DESCRIPTION OF THE TASK ::
Below are records; the lines starting at the one with "かっちりめなお写真もいいですが、ラフに普段通りのお二人もお写真に残しましょう!" and ending at the one with "Omdat je tijdens" must be reproduced exactly, both included. Pictures must not appear.

[Data entries]
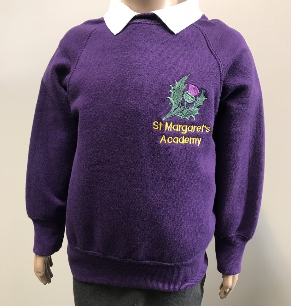 Purple crew neck sweatshirt, embroidered with the St Margarets Academy badge.
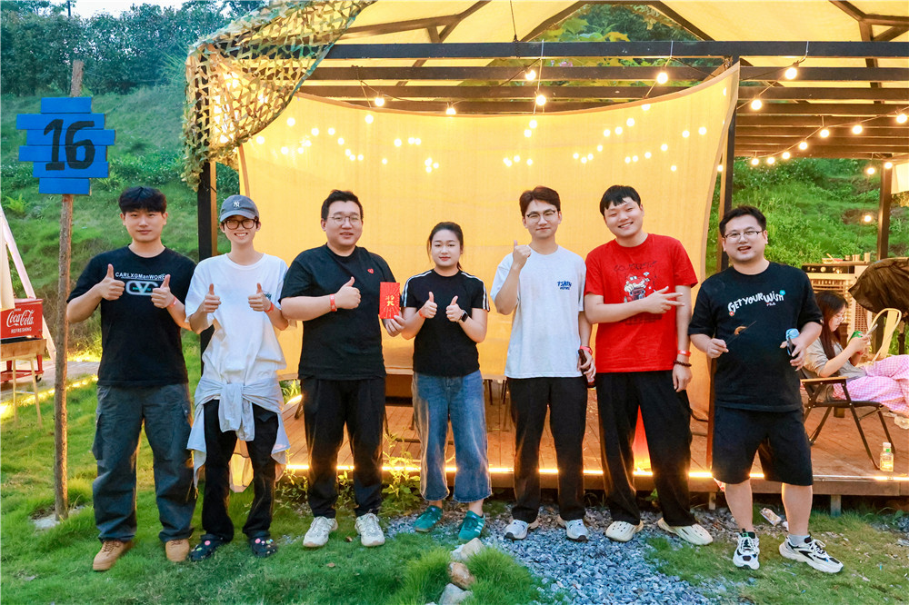 迎接我們的首先是清新的自然空氣和美麗的山水景色。午餐時間,大家圍坐在一起,共同享受了精心準備的燒菜和烤全羊盛宴。下午,大家參與了充滿挑戰和趣味的團體活動闖關。各組成員在活動中通過分工合作、互相配合,發揮出各自的特長,成功完成了多個任務。在團建晚餐剛剛開始的時候,現場突然燈光一暗,音樂響起,生日蛋糕緩緩端上來。伴隨著同事們的掌聲和生日歌,壽星臉上露出了驚喜又感動的笑容。晚餐后,有的成員選擇了與朋友高歌一曲,盡情釋放壓力;有的成員則聚在一起玩起了桌游,在輕松愉快的氛圍中加深了彼此的了解。
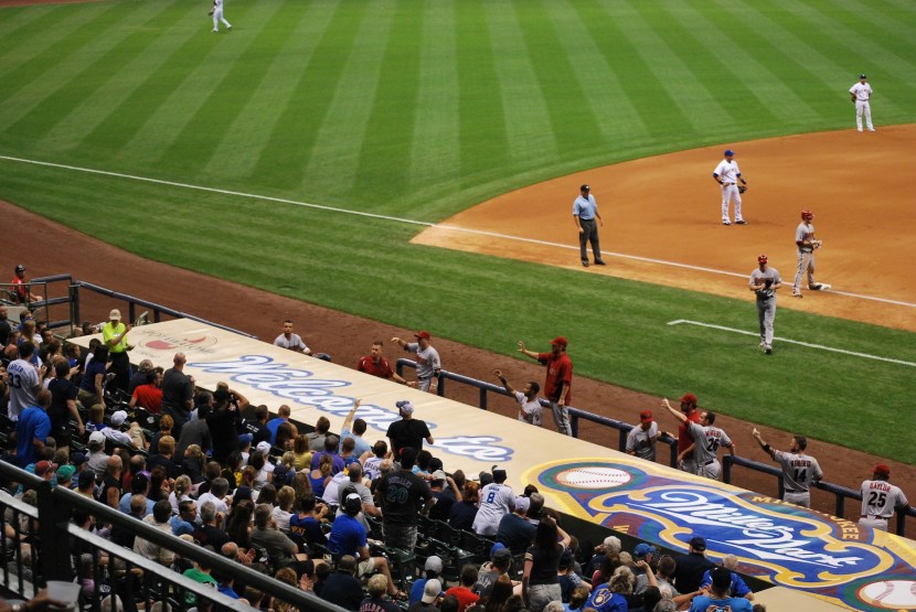 The D-Backs added two more in the fourth and another in the sixth. The run in the sixth was driven in by Aaron Hill, who tripled to right centerfield. Hill had already doubled in the first, singled in the third, and homered in the fourth. This meant that the triple completed a cycle, the SECOND cycle of the month for Aaron Hill! Unbelievable. I had never attended a game where a cycle had been achieved, so it was *kind of* cool to see. I’ve now been in attendance for a no hitter (Justin Verlander vs. the Brewers in June 2007), a 5-4-3 triple play (Aaron Rowand groundout vs. the Brewers in September 2009), and now a cycle. The ball was thrown back to the infield, and then thrown towards the Diamondbacks dugout as a keepsake. Instead of bouncing to one of the guys at the top step of the dugout it went over their heads and into the stands. You can see a bunch of D-Backs players and coaches pleading for the ball back, and Aaron Hill chilling at third base. Eventually the fan gave the ball back and someone threw a different (meaningless) ball back to the fan.
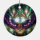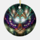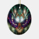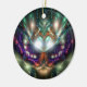 Here we have a fractal image of an evil sea witch. You can see her snake-like eyes. Her cheeks glow white. Her smile is more like an evil smirk. She is wearing a headdress made of the tail of a orange and blue fish and the skull of another fish. She also has a collar that is purple, pink, and blue.
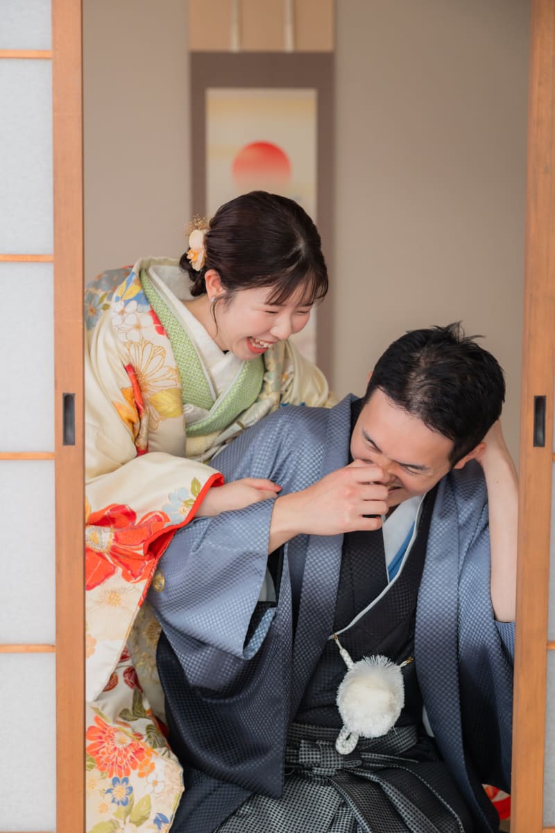 かっちりめなお写真もいいですが、ラフに普段通りのお二人もお写真に残しましょう!
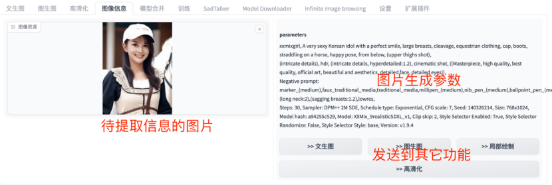 只需要上传一张Stable Diffusion生成的图片,就可以自动显示生成图片的参数,包括提示词、使用的模型等等,然后我们可以复制这些参数,用于自己的图片生成,也可以直接把这些参数发送到“文生图”、“图生图”、“高清化”等相关功能。
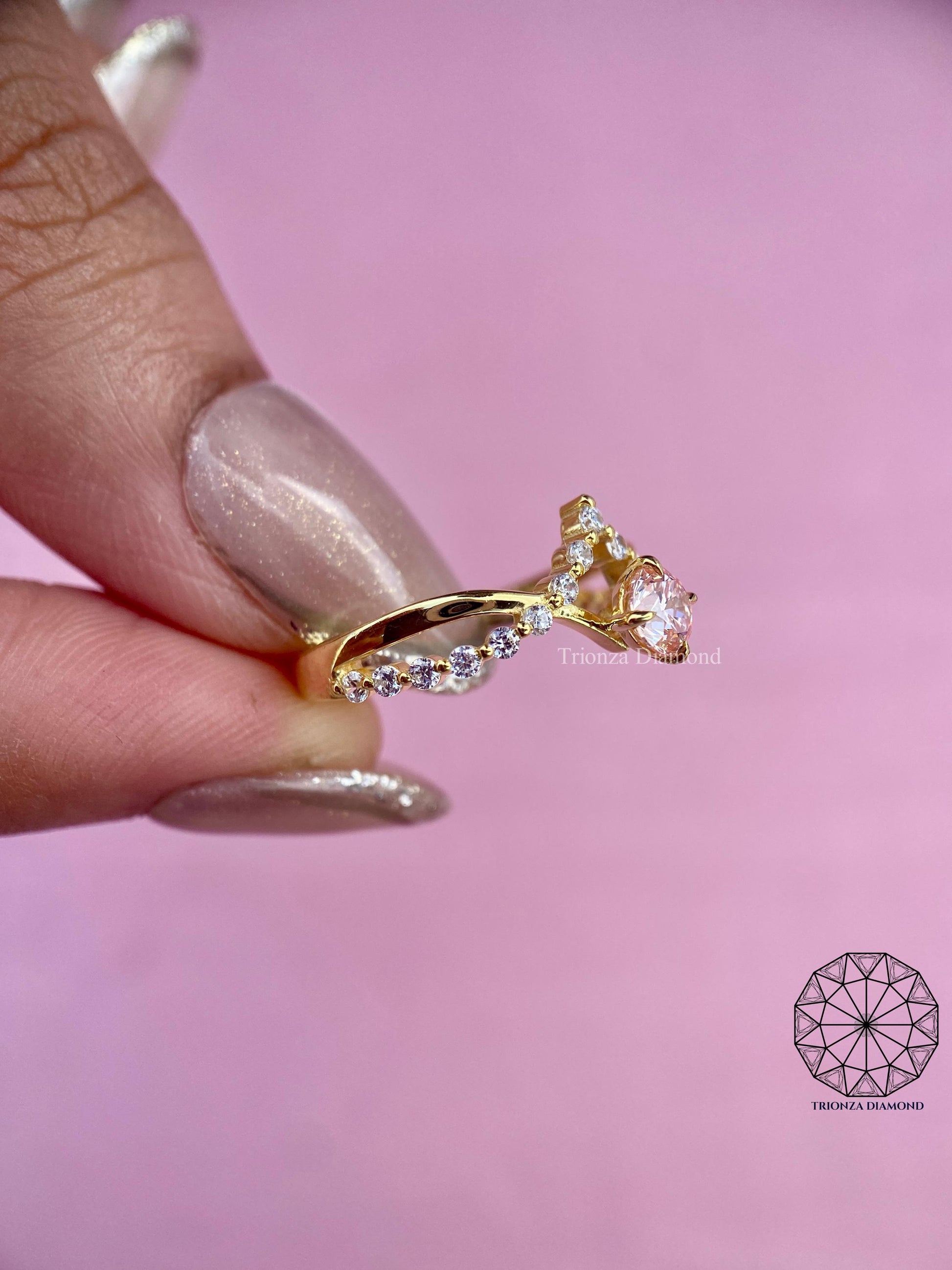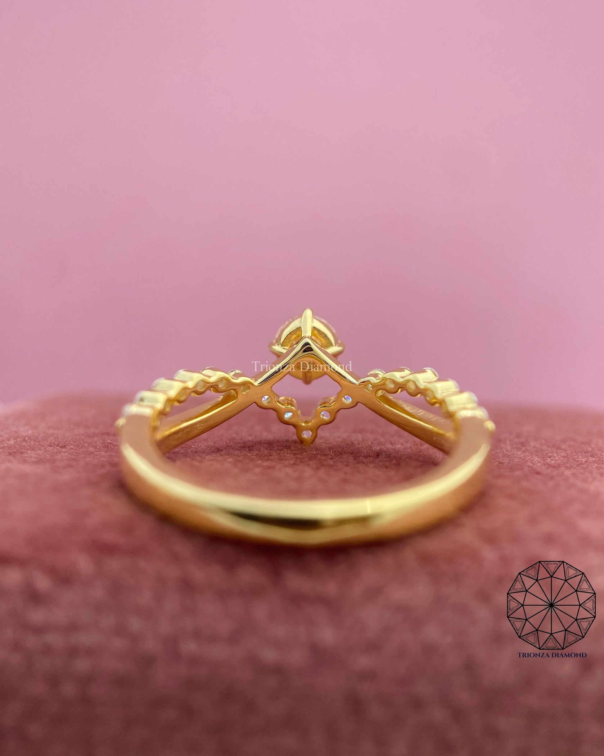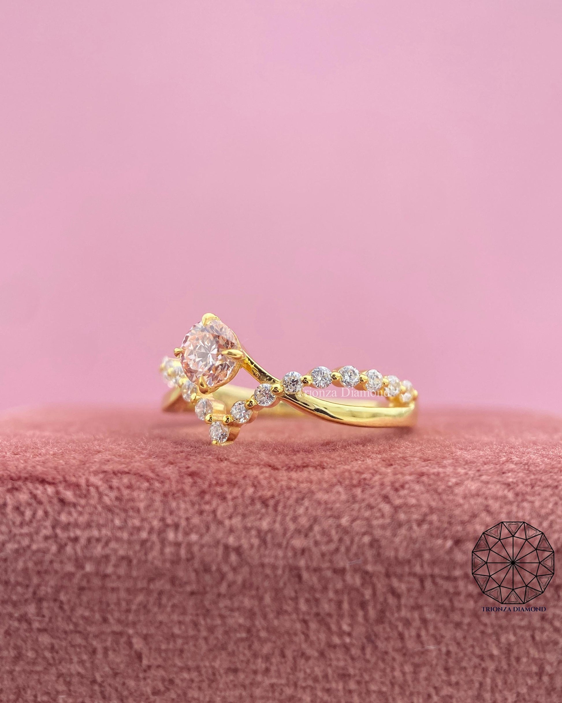 Celebrate your love with this stunning IGI Certified Round Lab-Grown Pink Diamond Engagement Ring, perfect for everyday wear or special occasions. This 14k Solid Yellow Gold Wedding Ring features a twisted band with a crown-style pink fancy diamond, an ideal anniversary gift for her. Handcrafted with love by Trionza Diamond.
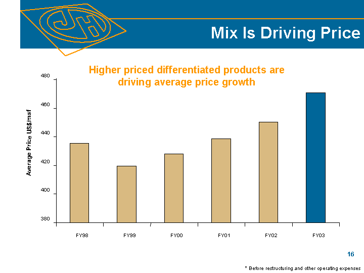 | Mix Is Driving Price * Before restructuring and other operating expenses Average Price US$/msf 380 400 420 440 460 480 FY98 FY99 FY00 FY01 FY02 FY03 Higher priced differentiated products are driving average price growth |
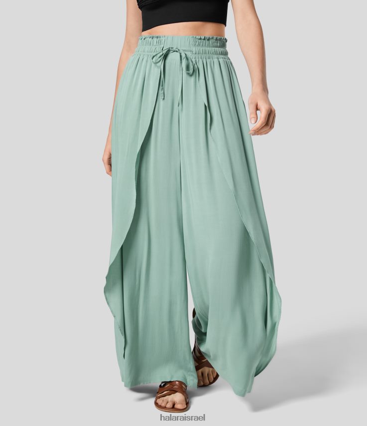 Halara נשים מכנסיים קז’ואל מזדמנים בגזרת מותן גבוהה עם שרוך שרוך כיס צד רחב רגל זורחת XX0PF151 הַלבָּשָׁה ציאן מעושן
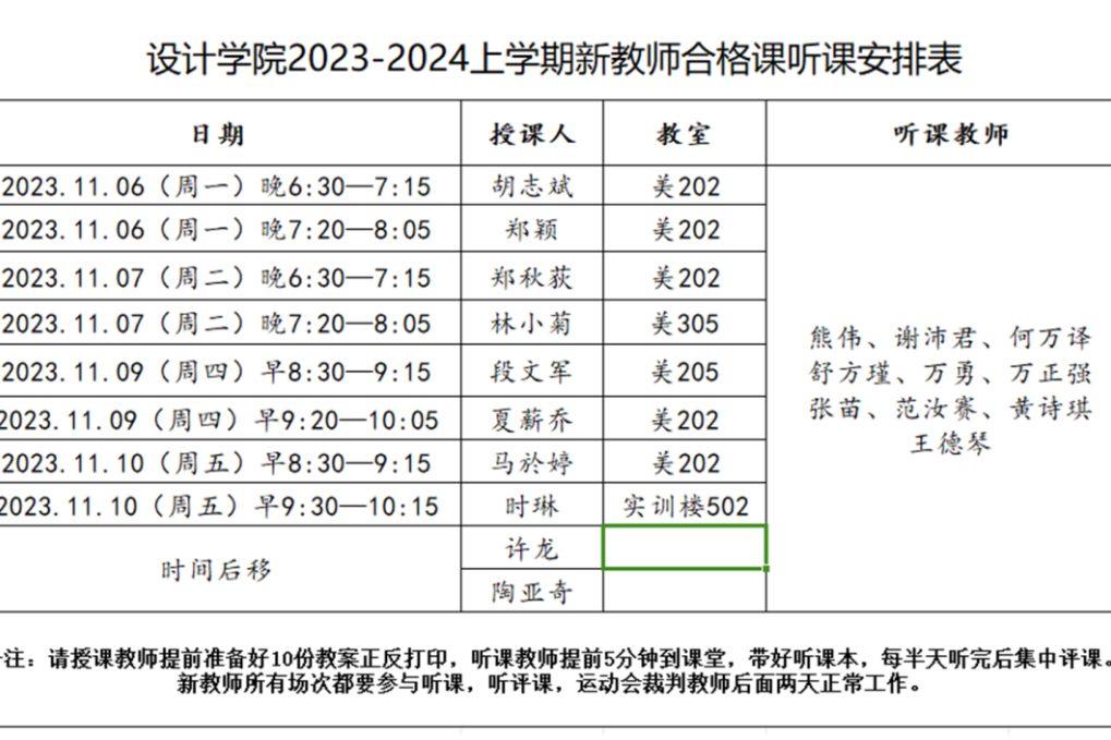 教师成长是学校发展的源动力,课堂实践是教师成长的主阵地。为充分发挥老教师传、帮、带的积极作用,推进新教师的培养工作,加强师资队伍建设,11月6日至10日,设计学院开展了新教师“合格课”试讲活动。
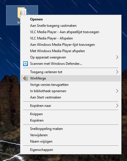 Omdat je tijdens de installatie de integratie met de Windows Verkenner hebt aangevinkt kun je deze vergelijkingstool ook uit de rechtermuisknop halen. Wanneer je een, twee of drie mappen in Windows Verkenner selecteert, kun je de snelkoppeling WinMerge openen. De applicatie vergelijkt meteen de geselecteerde items.
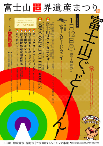 Enjoy the Yosakoi dance performance or Japanese drum , the children , civil dance of skill , such as people dance " Fuji 3776 Concert" , fireworks , luxury prizes is " 3776 tournament gift " ※ lottery ticket . Direct marketing City of specialty products and agricultural products to hospitality at your local gourmet of Oyama-cho , Gotemba , Susono character loose to set " character greeting " , " Fuji hospitality gourmet " , " Fuji Marche " , photo exhibition of Mount Fuji of four seasons many events such as " Fuji world Heritage -related exhibition " will be implemented .Sunday 10 am to 6 :30pm January 12 : date and time( Free admission from West Gate ) Square event : Venue: Fuji SpeedwayFee: Free admissionYes Parking : parking . Admission is free .Contact: Oyama Town Hall Planning Affairs Department mayor strategy Division 0550-76-6135Web site : Oyama-cho official site " Mount Fuji World Heritage Festival"Venue: Fuji Speedway - MishimaAddress 〒 410-1308 Oyama-cho Nakahinata 694TEL 0550-78-1234
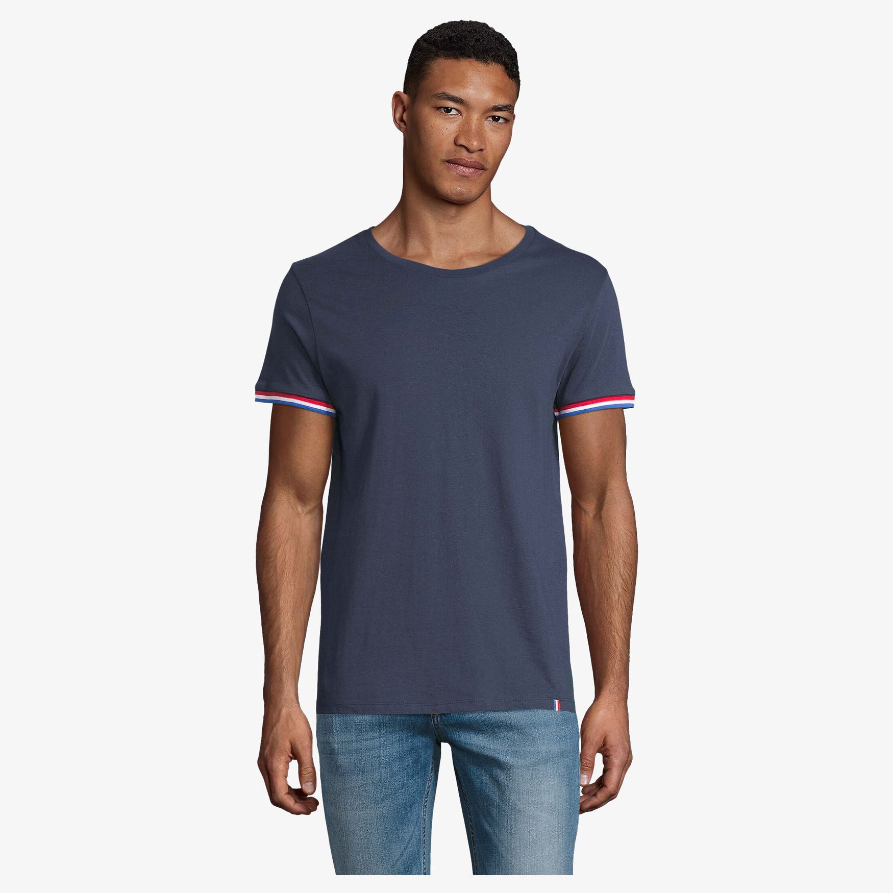 The men's short-sleeve tee-shirt Rainbow Men features a 1x1 tubular ribbed round neck and short sleeves with 1x1 ribbed hem with contrasting stripes. A neck tape is integrated into the collar. Made of 100% semi-combed Ringspun cotton, it combines simplicity and functionality.
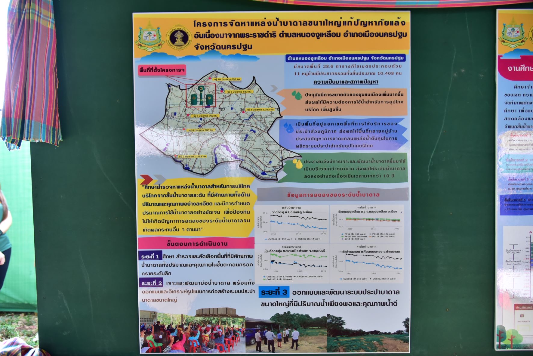 จังหวัดนครปฐม ติดตามผลการดำเนินโครงการจัดหาน้ำบาดาลขนาดใหญ่แก้ไขปัญหาภัยแล้งอันเนื่องมาจากพระราชดำริ เพื่อให้ประชาชนในพื้นที่ตำบลหนองงูเหลือม มีน้ำในการอุปโภคบริโภคได้อย่างเพียงพอในช่วงฤดูแล้ง
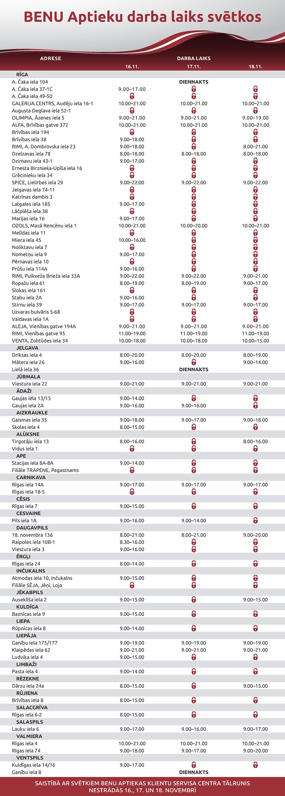 Novēlam jums priecīgu svētku laiku un atgādinām, ka svētkos mainās aptieku darba grafiks. Ieskatieties zemāk esošajā informācijā, lai noskaidrotu sev vēlamās aptiekas darba laiku valsts svētkos.

TASK RESPONSE ::
 かっちりめなお写真もいいですが、ラフに普段通りのお二人もお写真に残しましょう!
 只需要上传一张Stable Diffusion生成的图片,就可以自动显示生成图片的参数,包括提示词、使用的模型等等,然后我们可以复制这些参数,用于自己的图片生成,也可以直接把这些参数发送到“文生图”、“图生图”、“高清化”等相关功能。
 Celebrate your love with this stunning IGI Certified Round Lab-Grown Pink Diamond Engagement Ring, perfect for everyday wear or special occasions. This 14k Solid Yellow Gold Wedding Ring features a twisted band with a crown-style pink fancy diamond, an ideal anniversary gift for her. Handcrafted with love by Trionza Diamond.
 | Mix Is Driving Price * Before restructuring and other operating expenses Average Price US$/msf 380 400 420 440 460 480 FY98 FY99 FY00 FY01 FY02 FY03 Higher priced differentiated products are driving average price growth |
 Halara נשים מכנסיים קז’ואל מזדמנים בגזרת מותן גבוהה עם שרוך שרוך כיס צד רחב רגל זורחת XX0PF151 הַלבָּשָׁה ציאן מעושן
 教师成长是学校发展的源动力,课堂实践是教师成长的主阵地。为充分发挥老教师传、帮、带的积极作用,推进新教师的培养工作,加强师资队伍建设,11月6日至10日,设计学院开展了新教师“合格课”试讲活动。
 Omdat je tijdens de installatie de integratie met de Windows Verkenner hebt aangevinkt kun je deze vergelijkingstool ook uit de rechtermuisknop halen. Wanneer je een, twee of drie mappen in Windows Verkenner selecteert, kun je de snelkoppeling WinMerge openen. De applicatie vergelijkt meteen de geselecteerde items.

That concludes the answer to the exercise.